Yesterday Zillow announced their Q3 financial results. This is a company that has been one of the few that benefited from the market conditions in 2020.

The company has grown to 5,000+ employees. They had a record quarter in Q3. On their earnings call the company shared a perspective on the overall balance of supply / demand that many investors don’t often pay attention to.

The pandemic has turned the market on its head and it’s difficult to make sense of what we’re seeing in the market. The abrupt changes are the result of many contradictory forces, both headwinds and tailwinds as we’ve talked about on recent shows. The folks at Zillow pointed out on their investor call that there are 5 million more people in their prime home buying age in the market than there were in 2010. Demographics suggests that the low number of home buyers over the past decade in the wake of the financial crisis has created a wave of pent up demand which is only now starting to get satisfied.

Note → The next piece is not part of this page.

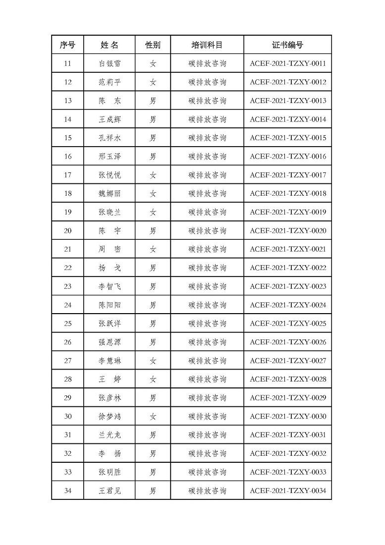 2021年第5期“碳排放管理(碳排放交易员、碳排放咨询员)技术培训班”合格学员公示

Zillow offers is a service the gives a seller cash offer without having to open their house to showings.

Zillow closing services is providing closing services for 98% of their transactions of their zillow offers business. Sellers to Zillow make up 0.2% of their total transaction volume.

On today’s show we’re talking about what can happen when you compete with your customers.

This is a business lesson that many companies learn the hard way. Last month Zillow announced that they were getting into the brokerage business.

Back in 2014, Greg Schwartz, Zillow’s then-chief revenue officer, stated Zillow was “a media company that helps people find homes.”

How does Zillow make its money? They don’t collect real estate commissions. They sell the leads collected on their website to licensed realtors who pay a fee to Zillow for those leads. It’s up to the real estate agents on the ground to do the heavy lifting, to drive the buyers to showings of the properties.

But the marketing fee for the leads is small compared with the real estate commission earned by the real estate agents who actually transact the deals. In a buyer’s market, the majority of the work is performed by the buyer agent.

For now Zillow is only using in-house agents on the properties is buys directly.

Zillow is only interested in buying specific types of homes. They look for homes that are relatively new, in good condition, and that are within what they consider to be “high opportunity” markets where the chance of a quick re-sale is possible.

Dominance in a segment doesn’t mean absolute power. Remember, platforms rely on all their stakeholders in order to be successful. The company has three main lines of business.

Entering into the brokerage business means that Zillow is now competing with their customers. Real Estate Agents who have benefited from getting leads from Zillow in the past have recognized that zillow has become too powerful in the market and will eventually replace their partner agents with salaried in-house employees who carry a real estate license.

So the question is will the agents allow their newest and largest competitor continue to be their partner? Some will rationalize that Zillow doesn’t really compete directly with agents. But as they learn, grow and mature as a brokerage, they can shift their focus quickly.

History has shown competing with your customers to be an unstable practice.